Петр Виленкин чувствовал себя загнанной собакой. Добропорядочные прохожие искоса, с пониманием глядели на него. Боец ночного фронта возвращается... Но видно было, что не спешит вернуться.

Да, Петр Виленкин не торопился. Он бесцельно шел, стараясь не шататься, приостанавливался возле телефонов, — шел дальше. Воображая утро Леночки. Скоро она проснется. Или уже проснулась. Ходит, спотыкаясь и позевывая, по обширной квартире, маленькая, светловолосая, теплая. Небольшие теплые груди. Светлые родинки. Д. М. еще спит. Она ложится поздно, досмотрев телевизор до победного «пи—пи—пи». Благо, стены квартиры добротные, старопрежние, им с Леночкой в спальне не слышно. Профессорская квартира. Самого профессора в живых уже нет. После него осталась громадная библиотека, картины, античные бюсты, вся большая квартира в старом, сталинском доме с колоннами, населенном бывшими аппаратчиками и их потомками. Теперь там сподобился жить—быть Петр Виленкин.

Но, возможно, Д. М. не спит.
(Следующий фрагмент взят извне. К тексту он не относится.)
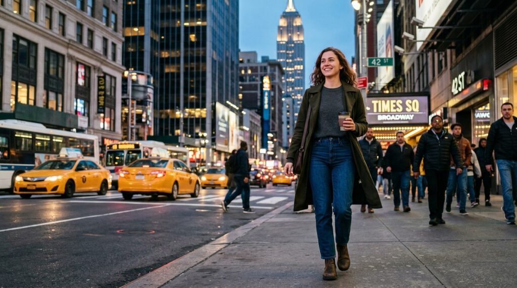 New York City is a place where style and practicality come together in a hectic environment. The reason why this shade can be a good choice is that it goes equally well with running errands during the day and going out at night without having to change the entire outfit.

И ходит по пятам за Леночкой, вбивает ей в темечко сентенцию за сентенцией. Она зна-а-ла, что добром это не кончится. Что жалкий этот фигляр ударится в богемную жизнь.

Впрочем, откуда им знать, что произошло с ним. Может, он мертв. Его нашли на одной из улиц и отвезли в морг. Бросили в морозильную камеру.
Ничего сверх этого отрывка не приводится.